» The problem:
Line by line, restate the material word for word, omitting any image.

Dataset section Block Start

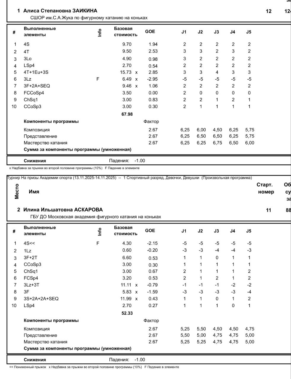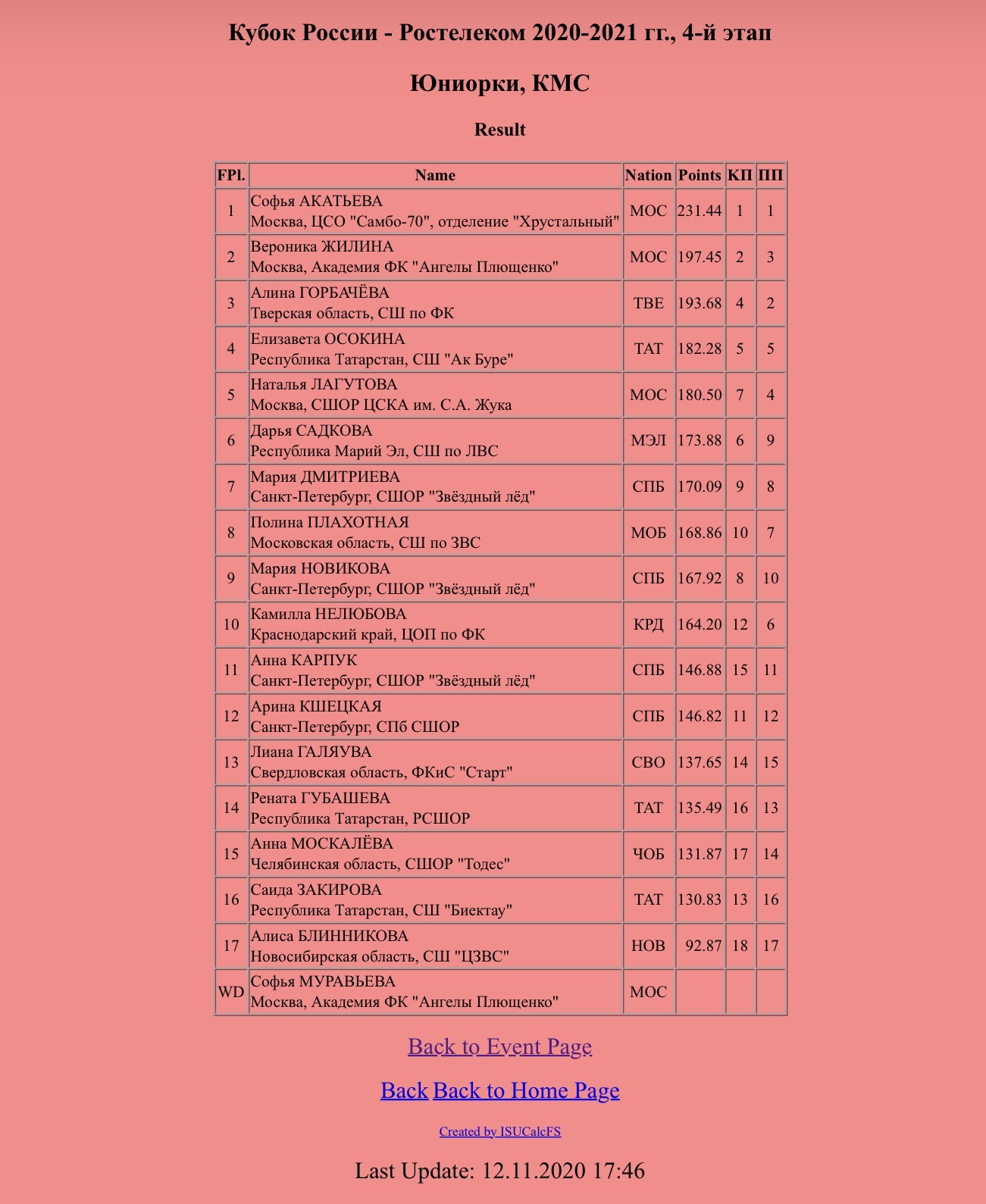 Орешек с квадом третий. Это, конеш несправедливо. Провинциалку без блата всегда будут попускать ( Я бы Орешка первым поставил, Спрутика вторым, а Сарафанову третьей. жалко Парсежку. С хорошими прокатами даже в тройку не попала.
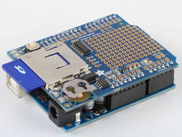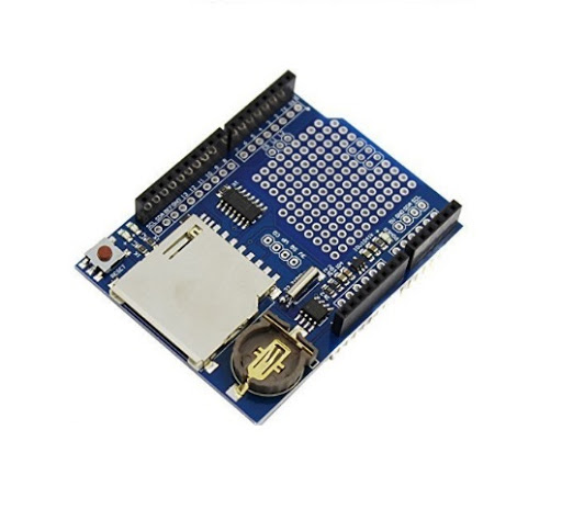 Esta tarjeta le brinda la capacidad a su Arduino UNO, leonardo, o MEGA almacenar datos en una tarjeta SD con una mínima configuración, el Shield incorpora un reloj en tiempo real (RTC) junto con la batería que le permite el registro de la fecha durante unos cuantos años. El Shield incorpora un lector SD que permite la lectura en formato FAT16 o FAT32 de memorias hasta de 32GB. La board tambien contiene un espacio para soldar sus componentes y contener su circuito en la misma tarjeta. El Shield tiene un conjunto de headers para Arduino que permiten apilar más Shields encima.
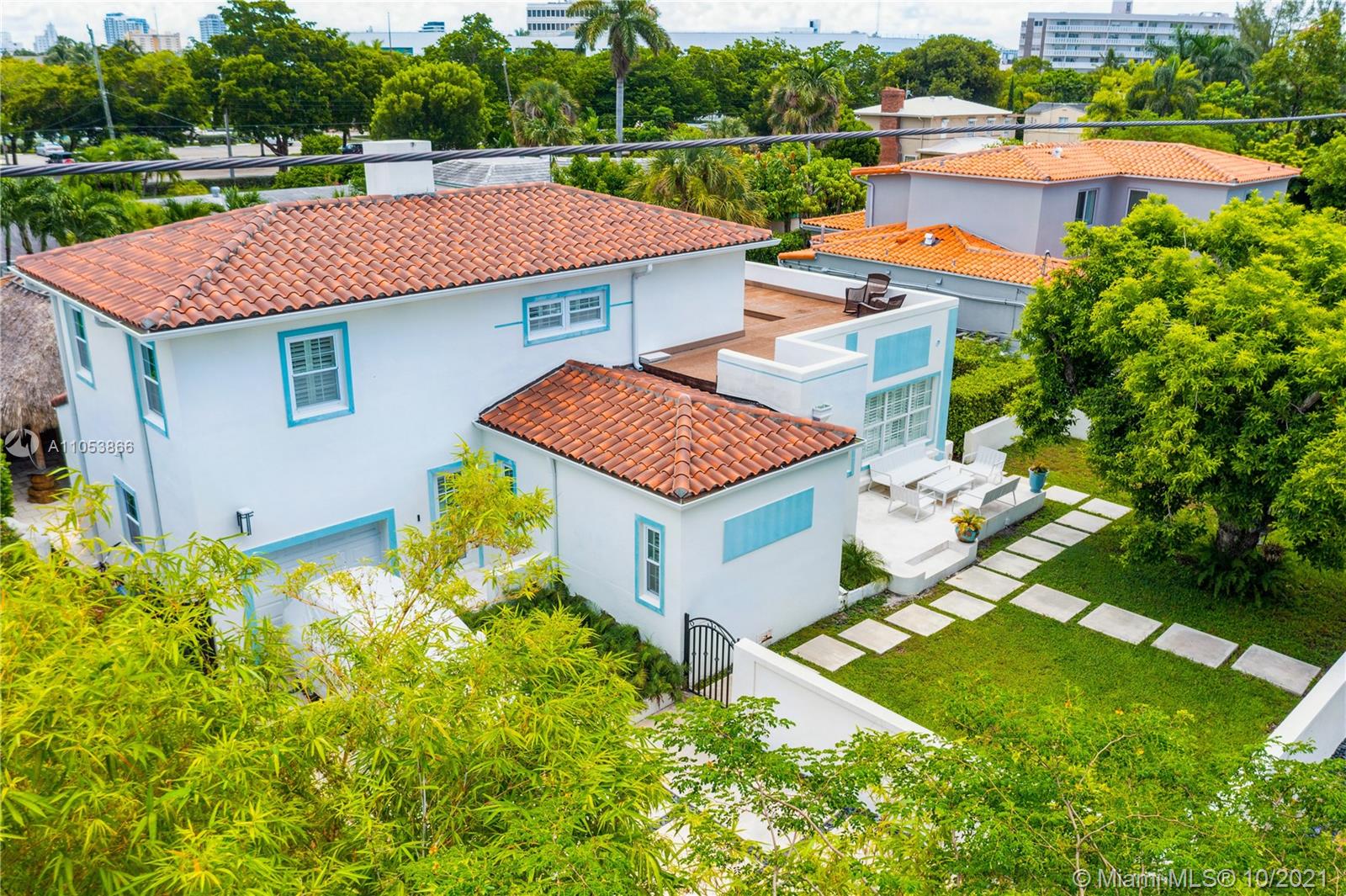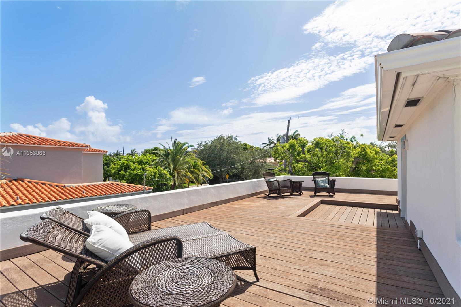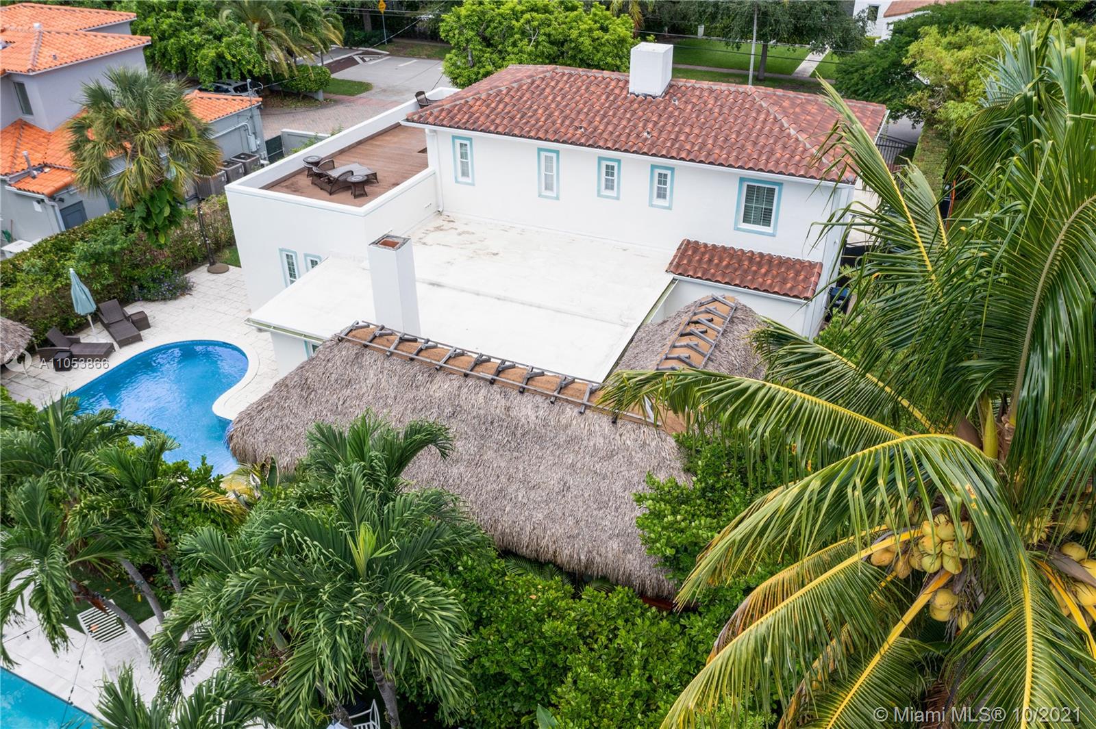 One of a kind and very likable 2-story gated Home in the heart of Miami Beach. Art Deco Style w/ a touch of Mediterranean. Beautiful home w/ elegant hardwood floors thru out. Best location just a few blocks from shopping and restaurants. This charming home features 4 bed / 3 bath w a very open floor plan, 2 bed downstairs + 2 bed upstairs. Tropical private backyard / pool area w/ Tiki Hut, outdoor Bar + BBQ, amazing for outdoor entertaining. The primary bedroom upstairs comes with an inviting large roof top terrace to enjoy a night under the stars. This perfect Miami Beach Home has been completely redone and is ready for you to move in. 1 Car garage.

Dataset section Block End

» Solution to this task:
 Орешек с квадом третий. Это, конеш несправедливо. Провинциалку без блата всегда будут попускать ( Я бы Орешка первым поставил, Спрутика вторым, а Сарафанову третьей. жалко Парсежку. С хорошими прокатами даже в тройку не попала.
 Esta tarjeta le brinda la capacidad a su Arduino UNO, leonardo, o MEGA almacenar datos en una tarjeta SD con una mínima configuración, el Shield incorpora un reloj en tiempo real (RTC) junto con la batería que le permite el registro de la fecha durante unos cuantos años. El Shield incorpora un lector SD que permite la lectura en formato FAT16 o FAT32 de memorias hasta de 32GB. La board tambien contiene un espacio para soldar sus componentes y contener su circuito en la misma tarjeta. El Shield tiene un conjunto de headers para Arduino que permiten apilar más Shields encima.
 One of a kind and very likable 2-story gated Home in the heart of Miami Beach. Art Deco Style w/ a touch of Mediterranean. Beautiful home w/ elegant hardwood floors thru out. Best location just a few blocks from shopping and restaurants. This charming home features 4 bed / 3 bath w a very open floor plan, 2 bed downstairs + 2 bed upstairs. Tropical private backyard / pool area w/ Tiki Hut, outdoor Bar + BBQ, amazing for outdoor entertaining. The primary bedroom upstairs comes with an inviting large roof top terrace to enjoy a night under the stars. This perfect Miami Beach Home has been completely redone and is ready for you to move in. 1 Car garage.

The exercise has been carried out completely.